診療支援
治療

アレルギー疾患児の生活管理
management of allergic students
今井孝成
(昭和大学小児科・教授)

A.学校におけるアレルギー疾患管理

 アレルギー疾患を有する児が年々増加するなかで,文部科学省は2008年に発出した「学校のアレルギー疾患に対する取り組みガイドライン」を2020年に改訂して,その管理の充実に着手している.このなかで3点の重要なポイントがあげられている.すなわち,①各疾患の特徴をよく知ること,②個々の児童生徒の症状などの特徴を把握すること,③症状が急速に変化しうることを理解し,日頃から緊急時の対応への準備を行っておくことである.

B.学校生活管理指導表

 学校におけるアレルギー疾患管理には,医師の診断に基づく「学校生活管理指導表(アレルギー疾患用)」の提出が必須であり,毎年1回提出が求められる.指導表は保護者が学校に何らかのアレルギー対応を求めるときに,保護者が主治医に依頼するものである.このため疾患があっても学校に必ずしも対応を求める状況に児がなければ,必ずしも提出する必要はない.指導表には気管支喘息,アトピー性皮膚炎,アレルギー性結膜炎,食物アレルギー・アナフィラキシー,アレルギー性鼻炎に関する記載欄があるが,対応の必要がある疾患のみ記述すればよい.

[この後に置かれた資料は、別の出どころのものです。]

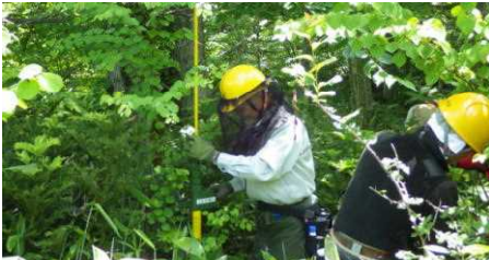
北海道ボランティア協会の成長量調査

「団体型森林づくり」協定に基づき、植栽箇所の下刈などの保育作業、成長量調査などに取り組んでおり、センター職員が現地で技術指導などの支援を行いました。

 診断書の位置づけにあり,医師には正確かつ詳細にアレルギーの状況を記載することが期待されている.

C.学校給食における管理

 学校におけるアナフィラキシーリスクのほとんどは,食物アレルギーに起因する.このため学校給食におけるアナフィラキシーの予防管理は非常に重要である.文部科学省は「学校給食における食物アレルギー対応指針」を発出して,その対策の充実をはかっている.

 学校給食におけるアレルギー対応は誤食など事故予防の観点で,①児の重症度に合わせた段階的な個別対応は行わず提供するかしないかの二者択一対応とする,②重症児には給食は提供せず弁当対応とする,ことなどが指導されている.